■ **RAW DATA**:

--- START ---

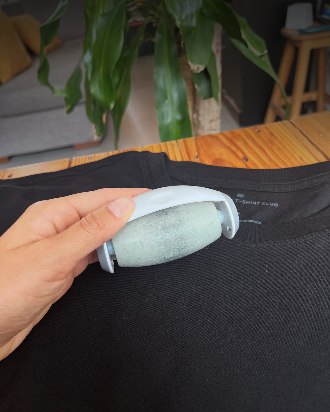 Suma un quita pelusas a tu compra y extiende la vida de tus playeras negras.
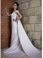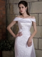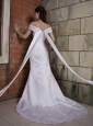 Elengant and noble! The off shoulder with teffeta material white wedding dress is worth you having! The wide straps bring a straigt neckline and two long and wide streamers on the back that flow down to the floor. Large amont of embroidery accent the whole dress,this is the only decoration on the noble dress but in a very large amount. The floor length mermaid style has a champel trail which flows to the back and a hidden zipper.
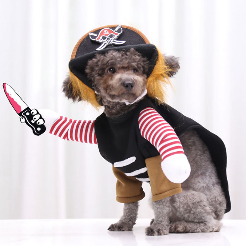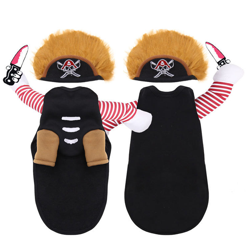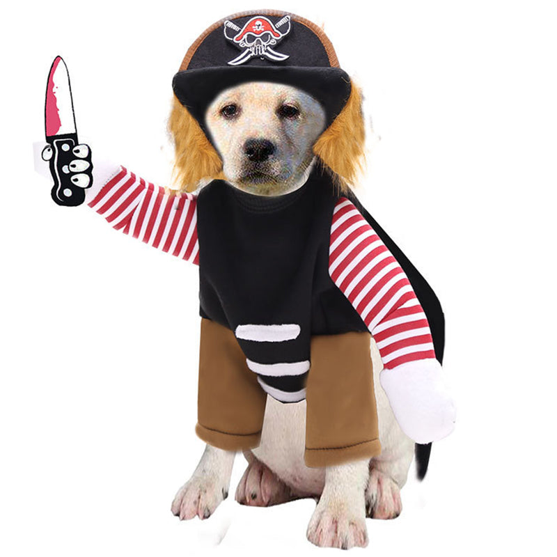 Transform your pet into a hilarious horse rider with this unique costume. Made from high-quality materials, this costume is perfect for Halloween or costume parties. Your pet will surely stand out and bring joy to everyone with this funny and adorable transformation outfit. Let the horse riding adventures begin!
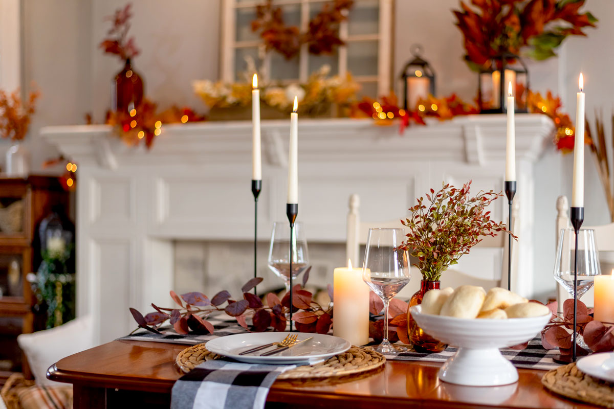 Candles give a touch of ambiance. (Make sure to use LED candles if little ones are running around.) This centerpiece can be left out all season long thanks to its warm, muted colors.

--- END ---

■ **WORK ITEM**:
Would you return the data exactly as written, without the pictures?

■ **YOUR SOLUTION**:
 Suma un quita pelusas a tu compra y extiende la vida de tus playeras negras.
 Elengant and noble! The off shoulder with teffeta material white wedding dress is worth you having! The wide straps bring a straigt neckline and two long and wide streamers on the back that flow down to the floor. Large amont of embroidery accent the whole dress,this is the only decoration on the noble dress but in a very large amount. The floor length mermaid style has a champel trail which flows to the back and a hidden zipper.
 Transform your pet into a hilarious horse rider with this unique costume. Made from high-quality materials, this costume is perfect for Halloween or costume parties. Your pet will surely stand out and bring joy to everyone with this funny and adorable transformation outfit. Let the horse riding adventures begin!
 Candles give a touch of ambiance. (Make sure to use LED candles if little ones are running around.) This centerpiece can be left out all season long thanks to its warm, muted colors.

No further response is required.